6.1.4 Effets sur le lien institution/groupe/individu

Cela suppose de ne pas perdre de vue le contexte institutionnel et les différentes conceptions du soin, ainsi que le sens même d’une pratique psychothérapique en référence à la psychopathologie clinique. La fragilité psychique du sujet dément est telle que la qualité de son environnement doit être pensé dans le cadre de la prise en charge, car il se produit du fait du changement d’environnement une charge potentiellement destructrice ou au contraire constructrice suivant les réactions de ce nouvel environnement.

Dans ma position de psychologue clinicien, le travail institutionnel me concerne directement en situation de sujet «partie prenante» (comme sujet impliqué partageant la culture de l’institution) en lien avec la mission première de l’institution centrée sur le soin et le «prendre soin». L’approche psychodynamique centre sa réflexion sur le sens des pratiques, dans le cadre institutionnel dans la prise en compte des écarts avec la mission première de l’institution.

Ce lien individu/groupe/institution est nécessaire à interroger de façon régulière, car le sujet dément est «restauré» dans son statut de sujet par la subjectivité.

Ce qui suppose de construire le travail à partir du patient d’abord, dans l’ici et maintenant, c’est-à-dire le patient dans l’état où il est, depuis l’admission dans l’institution jusqu’à la prise en soins de type psychothérapie. C’est d’abord connaître la position actuelle du patient dément comme base d’un diagnostic relationnel, selon G. Le Gouès. Le projet de soins viendra dans un second temps et après avoir entendu la famille à partir du travail d’alliance possible avec l’environnement familial. Il y a une souffrance des deux, famille et patient, en particulier dans la démence de type Alzheimer, car la violence de « perdre l’autre  » comme père ou mère, comme être humain, est une souffrance portée d’abord par l’entourage. Dans l’institution, il m’a paru important de rencontrer le patient d’abord pour l’investir à nouveau (ré-instaurer une place), pour montrer qu’il n’y a pas que la douleur de la perte, pour découvrir qu’on peut ré-investir une relation (élaboration du deuil), et trouver une capacité à s’identifier.
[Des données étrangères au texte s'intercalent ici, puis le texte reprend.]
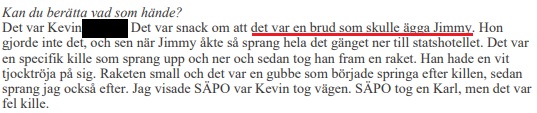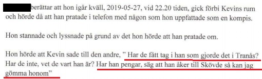 Fler inblandade Sent på kvällen den 27 maj passerar Kevins fostermor hans sovrum och hör hur ett telefonsamtal pågår om händelsen. Kevin erbjuder sig att gömma den gärningsman som utförde en liknande raketattack mot Åkesson i Tranås dagen därpå.
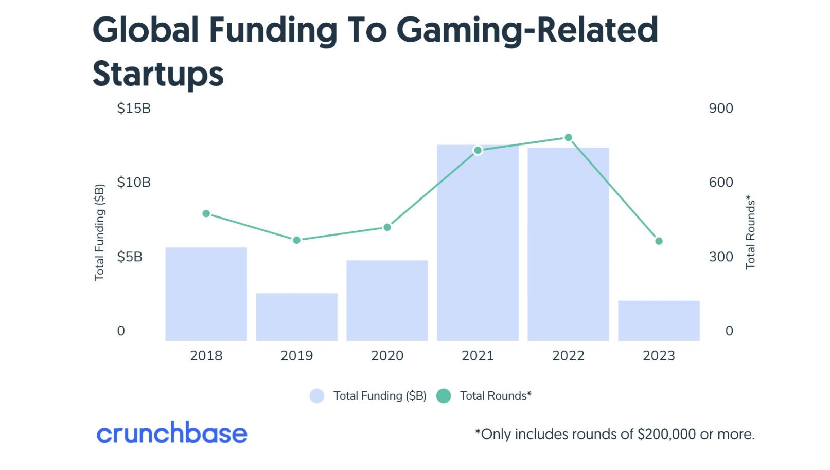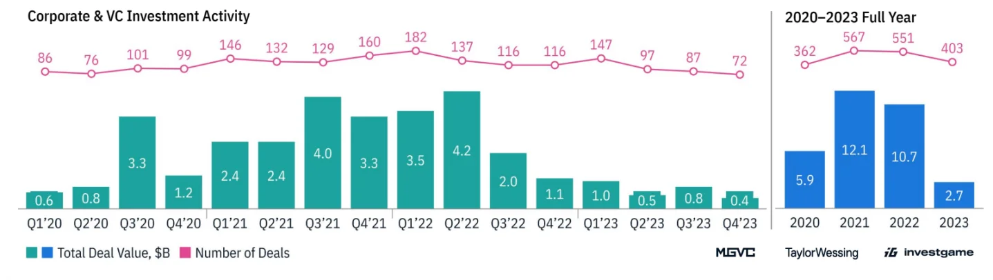 在具体数额上,据游戏投资数据分析公司 Investgame 统计, 2023 年风险投资和私人投资总计 27 亿美元,涉及 403 起融资事件。与 2022 年 107 亿美元的年度融资总额相比,大幅下降了 75% 。而值得注意的是,融资事件数量则并未减少那么多,「仅比」 551 起减少了 21% 。这让平均融资规模同比削减了三分之二,从 2022 年的 1940 万美元降至 2023 年的 670 万美元。InvestGame 将这种低迷的市场描述为对新冠疫情期间膨胀的融资活动的修正。行业的融资数量仍保持高于新冠疫情前的水平,但后期融资的数量较少,故无法提高资金总额。
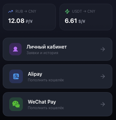 Сервис нельзя рассматривать как полноценный обменник. Фактически платформа оказывает просто услуги пополнения счета в АлиПэй или ВиЧат Пэй. Обменивать можно рубли или USDT и только в одном направлении.
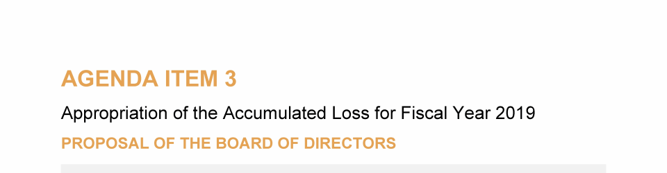 Agenda Item 3. Appropriation of Accumulated Loss for Fiscal Year 2019
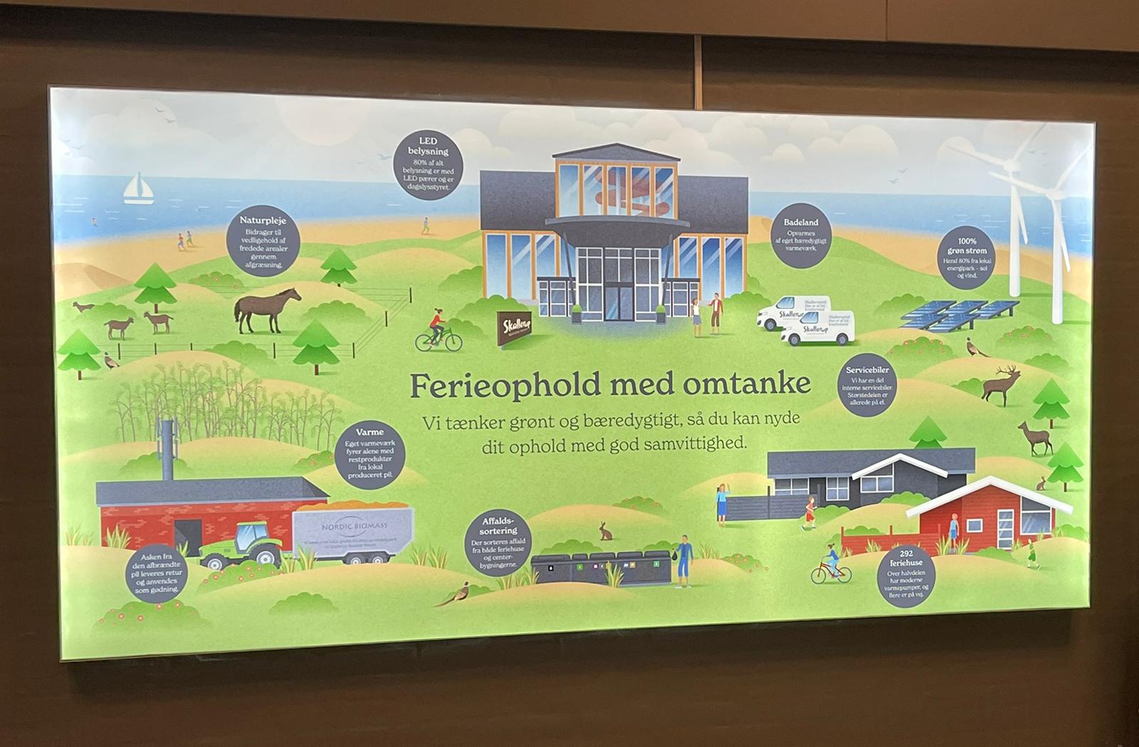 I aktivitetscenteret designede Tankegang et stort oversigtsbillede, der visualiserer resortets mange bæredygtighedstiltag. Billedet er placeret et sted, hvor gæster naturligt holder pause – og derfor er mere åbne for at tage informationen ind.
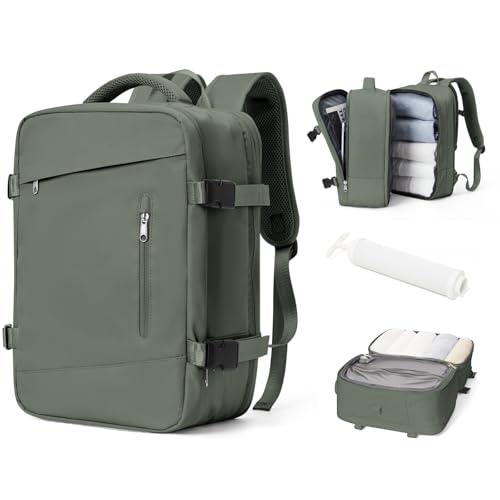 winspansy Vacuum Backpack Travel Bag Compression Backpack with Pump, 40x20x25 cm, Vacuum Bags for Clothes Travel, Space Saver Cabin Storage Compression Bag for Women Men -Green
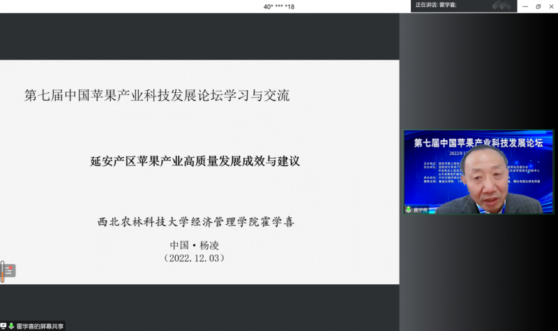 西北農(nóng)林科技大學(xué)霍學(xué)喜教授做《延安產(chǎn)區(qū)蘋(píng)果產(chǎn)業(yè)高質(zhì)量發(fā)展成效與建議》報(bào)告,重點(diǎn)從產(chǎn)業(yè)經(jīng)濟(jì)學(xué)角度分析了推動(dòng)延安蘋(píng)果產(chǎn)業(yè)轉(zhuǎn)型升級(jí)的建議。
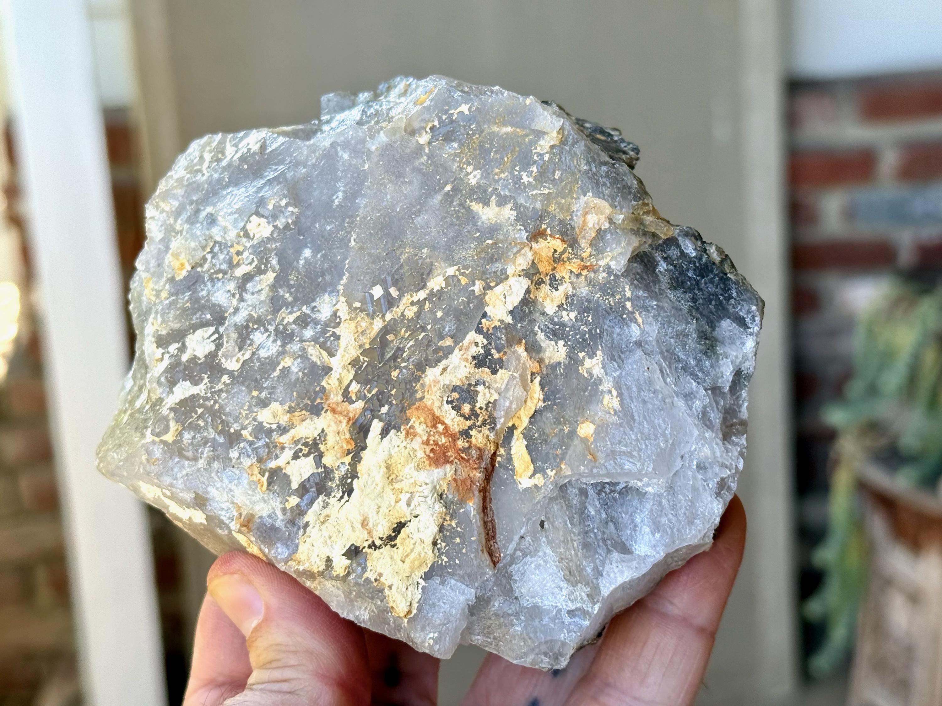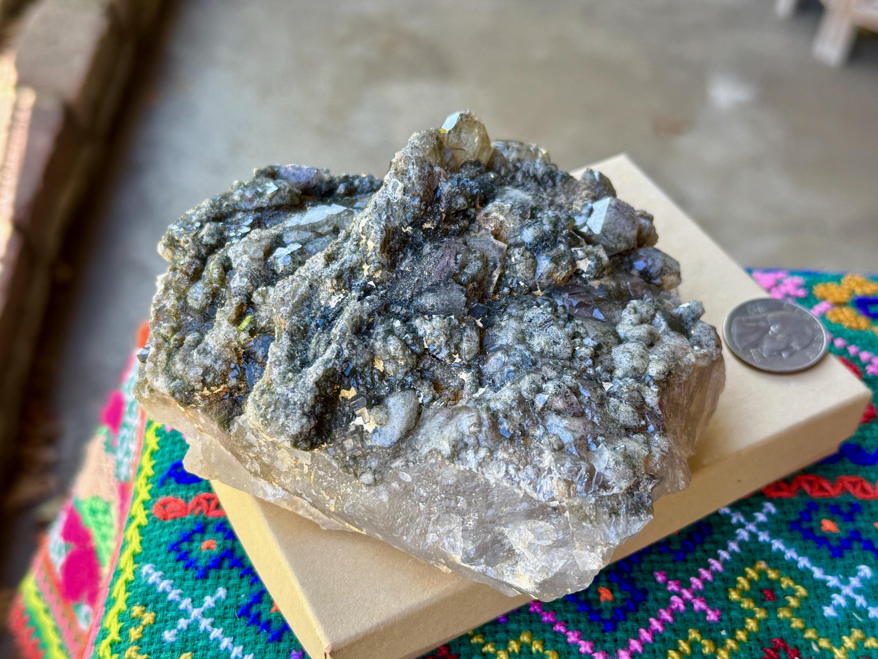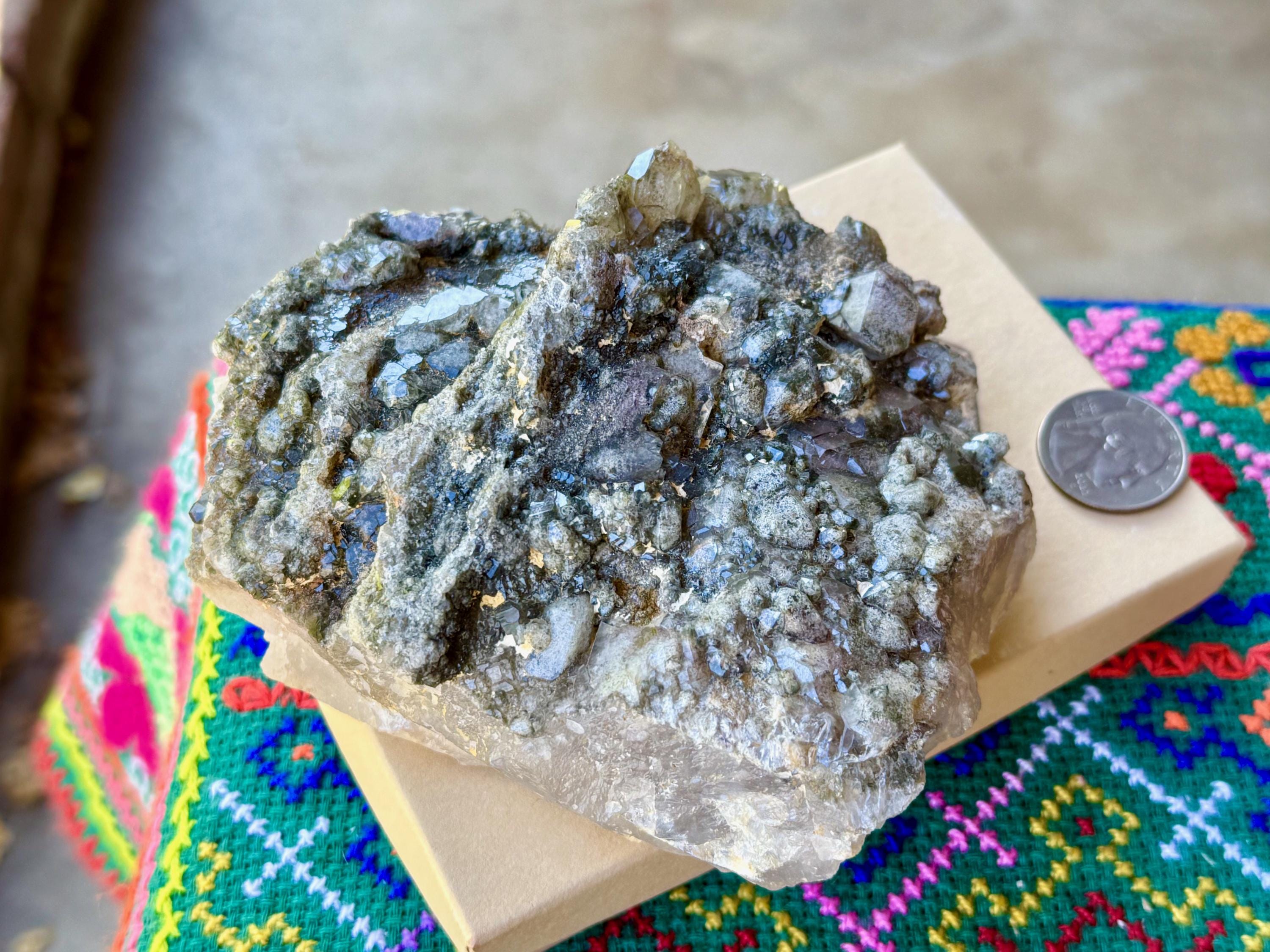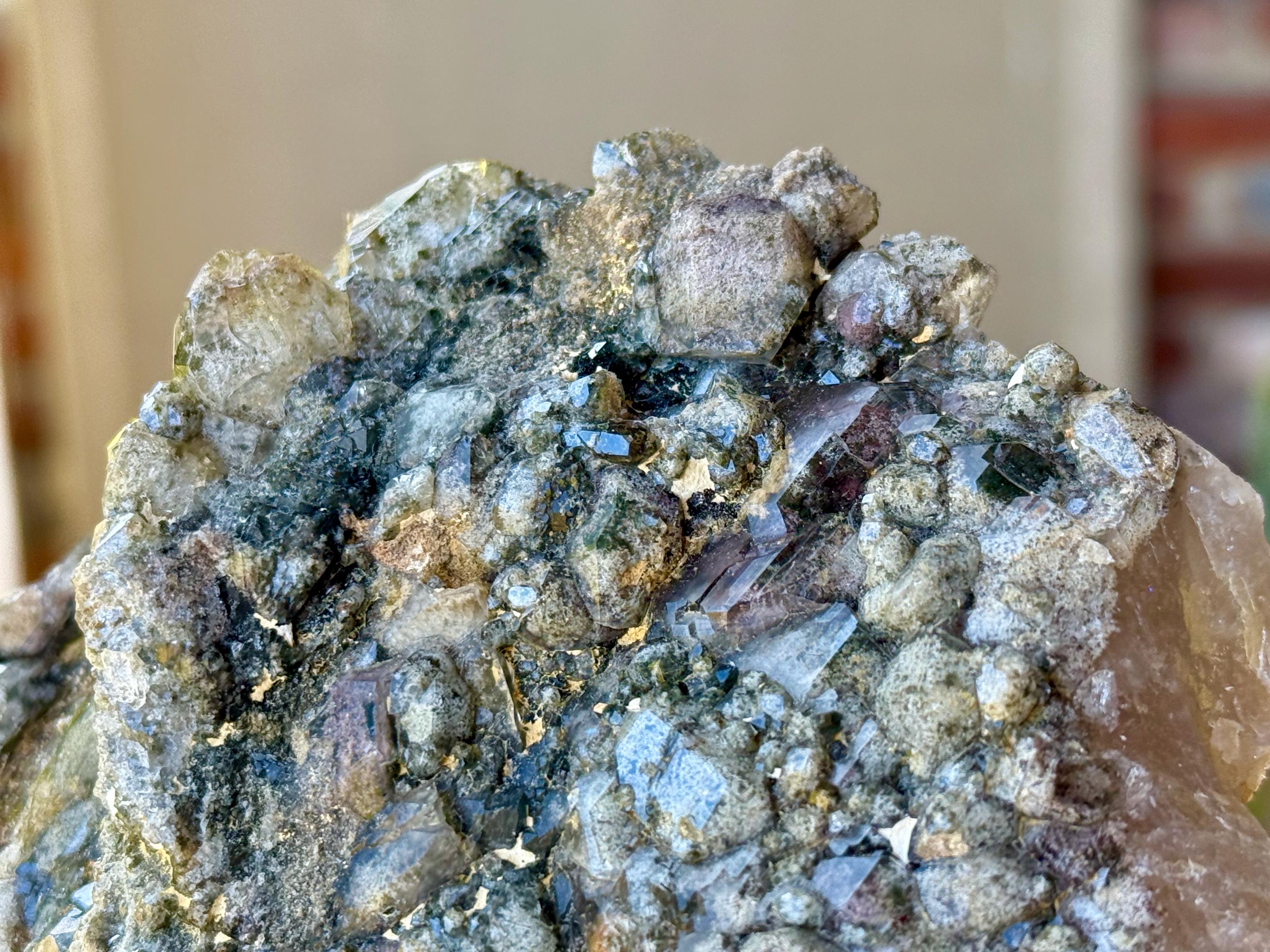 This is a large crystal, weighing close to 2 pounds (812g) with a very unique "alligator" skin texture throughout. It is a bit of a cluster formation with many individual crystals, each with rich inclusions of dark Green Chlorite and white Kaolinite, creating beautiful contrasts of color. When backlit, as in Photos 3-4, we can see that it actually does pass light very well on its right side.
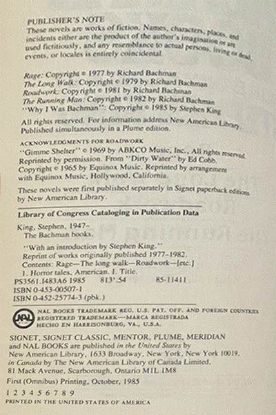 This book ins an omnibus edition containing four of the six books that King published under his Richard Bachman pseudonym: Rage, The Long Walk, Roadwork, and The Running Man.(The missing titles being Thinner and The Regulators) In 1999 King had Rage taken out of print and the three other novels in this omnibus were re-released seperatly.
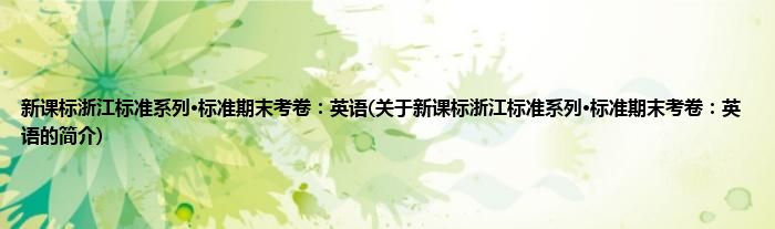 本文关于新课标浙江标准系列·标准期末考卷:英语的简介就讲解完毕,希望对大家有所帮助。
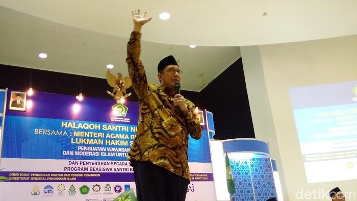 "Semua di sini santri kan, saya ingin tahu siapa di antara kita itu yang mengenal siapa itu Milea, yang tahu angkat tangan. Siapa itu Dilan?," tanya Lukman ketika kepada ratusan santri yang menghadiri acara Halaqah Santri Nusantara bertema Penguatan Wawasan Kebangsaan dan Moderasi Islam untuk Generasi Milenial, di Universitas Islam Negeri (UIN) Sunan Kalijaga Yogyakarta, Rabu (28/3/2018).
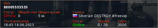 Играет на Counter Strike Source сервере. Страна: РоссияПервый раз замечен 18:37 18.06.2023
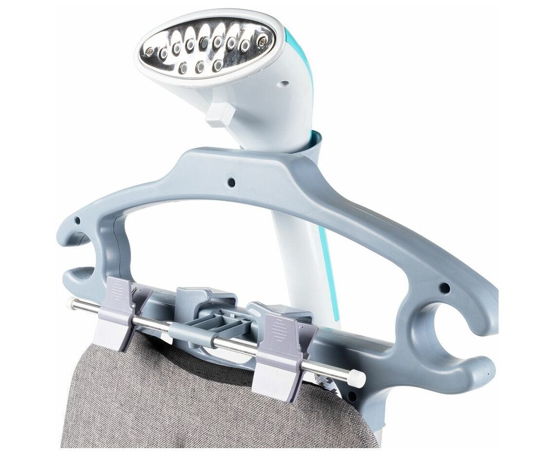складные плечики с зажимами для фиксации брюк и юбок, тефлоновая термостойкая защитная рукавица, съемный гладильный столик, долив воды во время работы
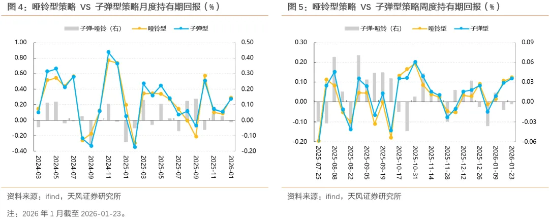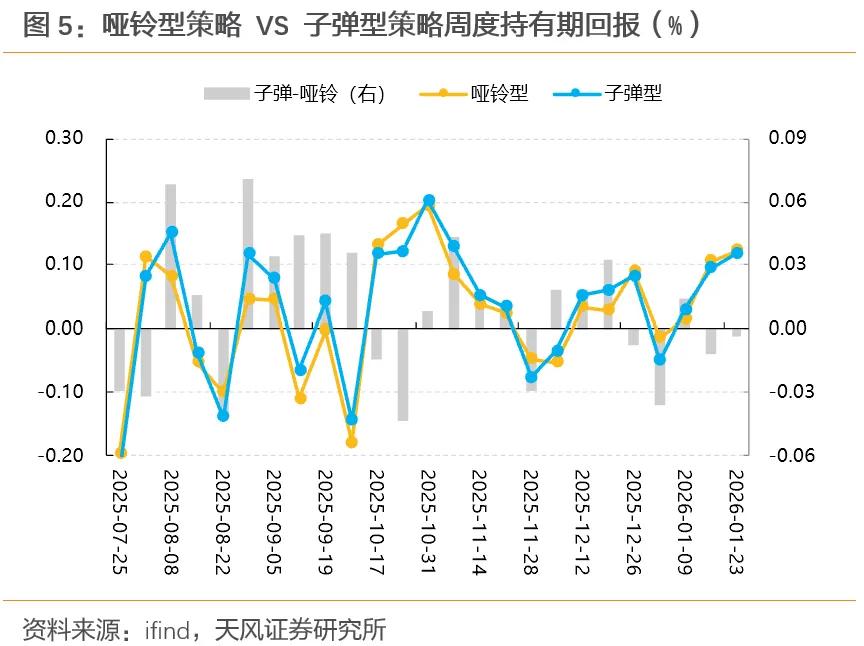本周,短端相对“克制”,中长端领涨,超长端表现不弱的情况下,哑铃型和子弹型策略组合持有期收益均为0.12%。

Il y a eu une fracture avant le placement (conséquence), et il faut mettre en place un processus de ré-investissement (passage du statut de parent à celui de malade, c’est-à-dire pouvoir se dire « mon père est malade » en présence de quelqu’un. C’est un travail sur la perte, la violence de la perte, l’acceptation de la perte de l’image du parent d’avant. S’agit-il de l’engagement d’un travail de deuil qui passe par l’expérience de la séparation physique pour figurer une équivalence entre le travail de deuil et l’admission ? Réalité du placement comme condition (équivalent) qui permet l’accomplissement d’un certain travail de deuil, en présence de quelqu’un ? L’événement « décision de placement » prise par la famille, en appui sur le diagnostic médical, renvoie à l’idée d’une séparation physique qui précéderait la séparation psychologique, faisant l’impasse (déni ?) d’un travail sur la séparation en terme d’acceptation des changements. Nous avons souvent noté le « besoin » d’un témoin extérieur (« aidez-moi à savoir ou j’en suis ») adressé en même temps que la disqualification même de l’intervention d’un tiers : nous retrouvons ces situations de crise individuelle jusqu’à la mise en crise du groupe familial (en demande d’hospitalisation), quand la confusion des rôles de chacun est venue effacer la place de chacun dans la structure familiale.